In order to regrid an image, you need some target reprojection. The simplest way to acquire such a reprojection is by extracting it from another image, e.g. a FITS image
(I use >>> to indicate the CASA <#>: prompt here because it allows you to copy & paste the code into CASA)
>>> header = imregrid(imagename='file.image', template='get')
This header will be a python dictionary with two keys, csys, which specifies the coordinate system, and shap, which gives the shape.
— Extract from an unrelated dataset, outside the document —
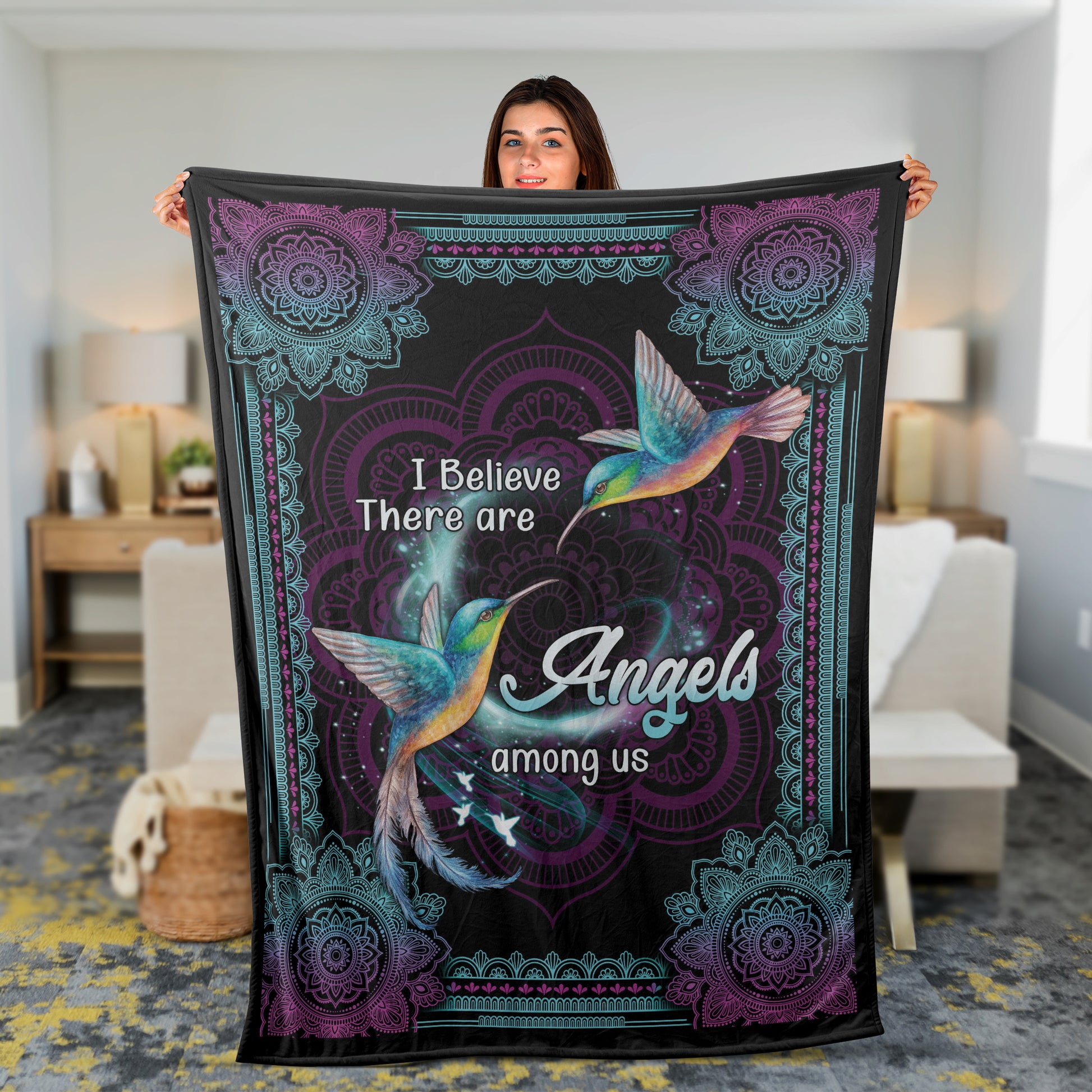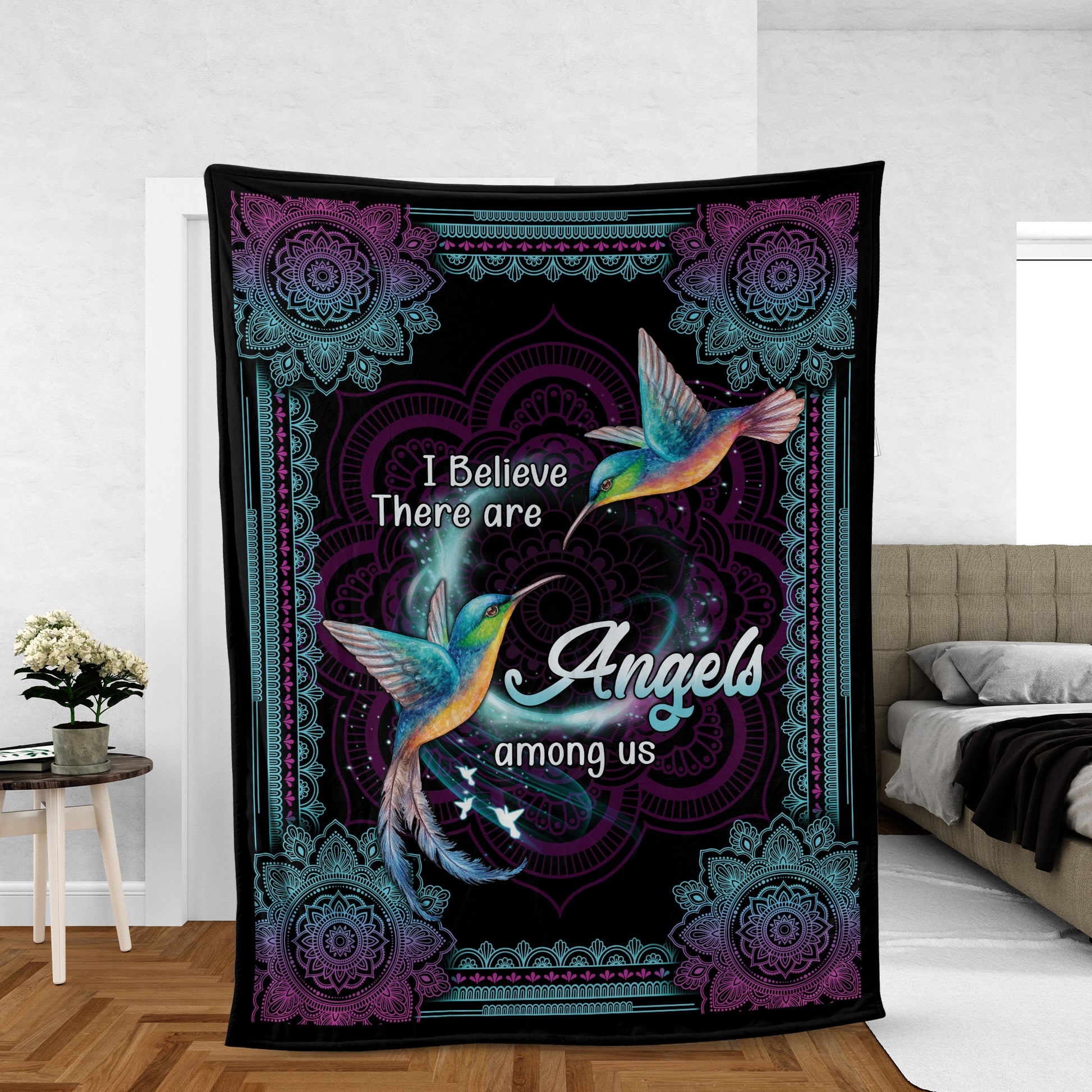 Memorial Blanket, Heaven Blanket, Hummingbird Blanket, Sympathy Gift, Remembrance Gift - I Believe There Are Angels Among Us

If you want to write up your own FITS header and you don't have a FITS file with those exact coordinates, you can use the header_to_template convenience tool in casa_tools.
>>> from casa_tools import header_to_template
>>> from astropy.io import fits
>>> fits_header = fits.Header.fromtextfile('my_header.hdr')
>>> header = header_to_template(fits_header)
In order to regrid the file, you then need to pass in the image name and template to imregrid.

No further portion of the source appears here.